8) A Note about Numbers, Data, Categories, and Labels.  If you Tabulate race, you get this:

 

 

tabulate race if year==2000

 

                                 Race |      Freq.     Percent        Cum.

--------------------------------------+-----------------------------------

                                White |    113,475       84.87       84.87

                          Black/Negro |     13,626       10.19       95.06

         American Indian/Aleut/Eskimo |      1,894        1.42       96.47

            Asian or Pacific Islander |      4,715        3.53      100.00

--------------------------------------+-----------------------------------

                                Total |    133,710      100.00

 

. tabulate race if year==2000, nolabel

 

       Race |      Freq.     Percent        Cum.

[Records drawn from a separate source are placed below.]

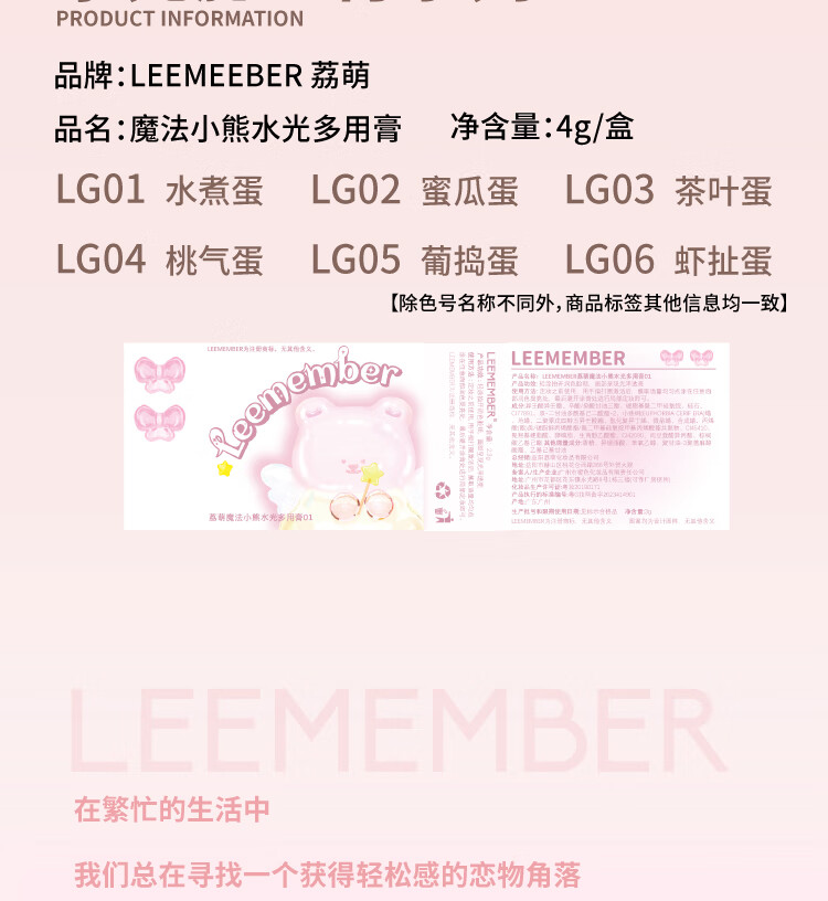Limeng Leemember Limeng Blush Cream Bear Water Light Multi-purpose Cream Expansive Color Low Saturation Repair and Brighten Face LG07 Green Apple
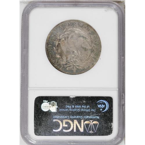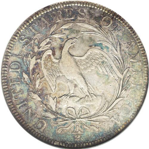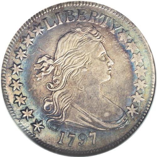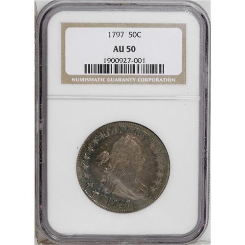<B>1797<50C> AU50 NGC.</B></I> O-101a, R.5. The appearance of any 1797 half dollar in a public auction is bound to generate great excitement. This was the second year of a two-year type, the Draped Bust Small Eagle half dollar, which may be regarded as one of the keys to a complete type collection of American coinage.<BR> The story of the 1796-1797 Draped Bust, Small Eagle half dollars is shrouded in mystery. What we know for certain is that the Philadelphia Mint produced approximately 3,918 half dollars dated 1796 and 1797, before suspension of the denomination until 1801. By the latter date, Robert Scot's Small Eagle reverse had yielded to his Heraldic Eagle design. This fact, coupled with the limited original mintage, accounts for the importance of the 1796 and 1797 half dollars as rare type coins.<BR> In an effort to reconstruct the circumstances that surround the production of these two issues, we have relied heavily upon Breen's <I>Complete Encyclopedia</B></I> (1988), although we caution readers that even the noted numismatic author himself states that his conclusions are "presented only as conjecture, as no other Archives data survive about these mintages." It appears that the Mint produced two obverse dies (one dated 1796 and the other either undated or dated 1797) with 15 stars, sometime before the admission of Tennessee as the sixteenth state on June 1, 1796. Following the latter event, a third 1796-dated obverse was produced with 16 stars. These dies were used to produced the following pieces: (60) 1796 15 Stars examples on February 28, 1797; (874) 1796 15 Stars and 1796 16 Stars examples on March 21, 1797; and (2,984) 1797 examples on May 26, 1797. The latter issue was produced using the second die that the Mint had made prior to June 1, 1796, now definitely dated 1797. All three deliveries were made to the Bank of the United States, who had deposited French silver
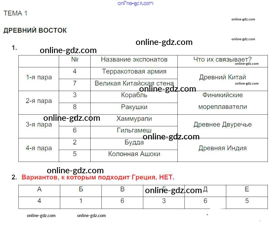 Готовые домашние задания по Истории за 5 класс Тематический контроль Саплина 2016 - Готовимся к олимпиаде Тема №1. Древний Восток
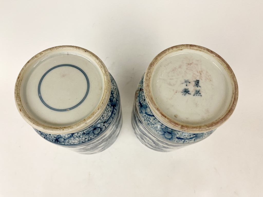 PAIR OF CHINESE BLUE AND WHITE PORCELAIN BALUSTER FORM VASES. Writhing dragon decoration. - H: 13 3/4".Estimate $200-300

------------+-----------------------------------

        100 |    113,475       84.87       84.87

        200 |     13,626       10.19       95.06

        300 |      1,894        1.42       96.47

        650 |      4,715        3.53      100.00

------------+-----------------------------------

      Total |    133,710      100.00

 

In other words, race is stored as a numerical variable, with 4 categories in the CPS 2000 (more categories in 2008).  The racial groups don’t correspond to numbers in any meaningful way. The numbers are arbitrary. The categories are nominal, as opposed to ordinal (ordinal categories have a meaningful order). You could, if you wanted to, take the average of those numerical categories, but the results would be meaningless.

 

summarize race if year==2000

 

    Variable |       Obs        Mean    Std. Dev.       Min        Max

-------------+--------------------------------------------------------

        race |    133710    132.4183    105.8387        100        650

 

One key mistake *NOT* to make is to treat nominal variables like race as if the numbers really meant something. Do numerical manipulation only on variables that have numerical values that really mean something, for instance the income variables. On the other side of things, tabulate is good for categorical variables like race, but mostly useless for continuous variables like income, because income has thousands of different levels, for every different recorded income in the dataset.

 

If you want to examine only the blacks, you need to use the statement “if race==200”, Stata doesn’t understand “if race==”black”” because race is stored as a number.

 

. summarize inctot if race=="White"

type mismatch

r(109);

 

 

So:

 

tabulate region if year==2000

 

        Region and division |      Freq.     Percent        Cum.

----------------------------+-----------------------------------

       New England Division |      9,470        7.08        7.08

   Middle Atlantic Division |     17,734       13.26       20.35

East North Central Division |     18,311       13.69       34.04

West North Central Division |     11,446        8.56       42.60

    South Atlantic Division |     21,015       15.72       58.32

East South Central Division |      6,564        4.91       63.23

West South Central Division |     13,299        9.95       73.17

          Mountain Division |     16,382       12.25       85.42

           Pacific Division |     19,489       14.58      100.00

----------------------------+-----------------------------------

                      Total |    133,710      100.00

 

. tabulate region if year==2000 & race==200

 

        Region and division |      Freq.     Percent        Cum.

----------------------------+-----------------------------------

       New England Division |        477        3.50        3.50

   Middle Atlantic Division |      2,308       16.94       20.44

East North Central Division |      2,239       16.43       36.87

West North Central Division |        420        3.08       39.95

    South Atlantic Division |      4,168       30.59       70.54

East South Central Division |      1,370       10.05       80.60

West South Central Division |      1,597       11.72       92.32

          Mountain Division |        284        2.08       94.40

           Pacific Division |        763        5.60      100.00

----------------------------+-----------------------------------

                      Total |     13,626      100.00

 

Blacks are overrepresented in the South Atlantic, and underrepresented in the Pacific region of the US.